The survey findings suggest there are significant opportunities for Canadian insurers, small U.S. insurers (and all other insurers, for that matter) to implement operational changes focused on improvements to the bottom line by applying predictive modelling and data-driven analytics to advance claim performance, given that the claim function is where most of the premium dollars exit the organization.

PRICE INTEGRATION AND OPTIMIZATION

While many insurers are not currently using price integration (i.e., bringing together customer behaviour, competitor and loss cost models to derive key business metrics, such as profit and volume, to test the impact of different rate scenarios) or price optimization (i.e., the application of a mathematical search algorithm to a price integration framework, aiming to identify the rates that maximize business metrics), they increasingly plan to do so.

Survey findings suggest that some lines may not be ripe for these techniques.

This is either because the data are lacking (price information is hard to collect or risk level modelling is not a viable option) or because companies have not prioritized price integration and, ultimately, price optimization to enhance performance while reflecting specific business goals.

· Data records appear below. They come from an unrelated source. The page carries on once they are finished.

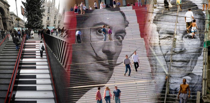 Escadas musicais em Milão, Itália
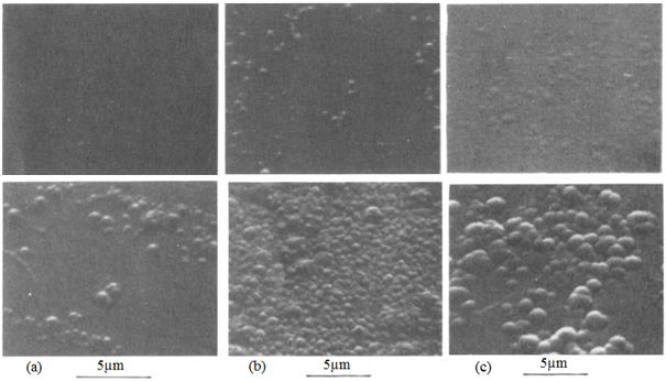Figure II.4. Topographies de surfaces de revêtements en WC par pulvérisation DC en haut et RF en bas, sous diverses tensions de polarisation [24], a) -400V, b) -200V, c) 0V.
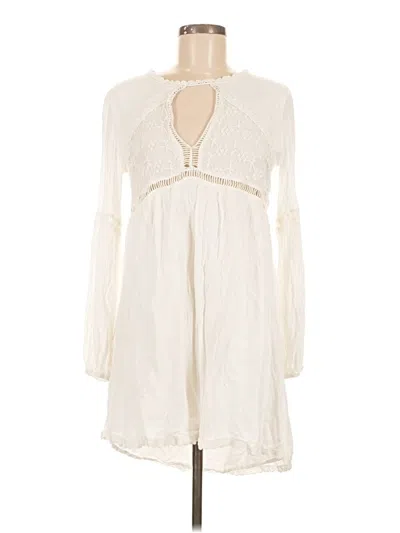Patrons of Peace Casual Dress, Size: Medium. Item Details: Ivory, Keyhole Neckline, Short Length, Long Sleeve, Frayed Edges, Junior Dresses, 100% Rayon

Survey findings further suggest that some polled companies do not fully understand the benefits associated with price integration and price optimization, including how they are, ultimately, a means to measure and enhance customer value, and how those findings can be factored into everythi ng from pricing to targeted new business marketing and portfolio defence.

THE ROLE OF DATA

As the sophistication and power of applying predictive models and data-driven analytics have increased, insurers continue to jockey for position, looking for the next predictor variable or interaction that will give them an edge over competitors. A majority of insurers continue to explore new internal and external data in an effort to improve the predictive power of their models. In addition, commercial lines insurers stress external risk-specific or sociodemographic data, while personal lines insurers tend to look for more variable interactions to strengthen their models.

Personal lines insurers are much more likely to apply predictive modelling in the form of rating plan adjustments by creating or revising rating/tier variables and relativities, while standard commercial lines insurers balance pricing and risk selection responses.

In particular, while a majority of commercial lines insurers also use predictive modelling to create or revise rating/tier variables and relativities, a much larger number also use predictive modelling to revise underwriting rules, including acceptance/rejection criteria and company placement.

These efforts need to continue – and insurers need to take it a step further and develop a more comprehensive, strategized and aggressive approach to predictive modelling implementation.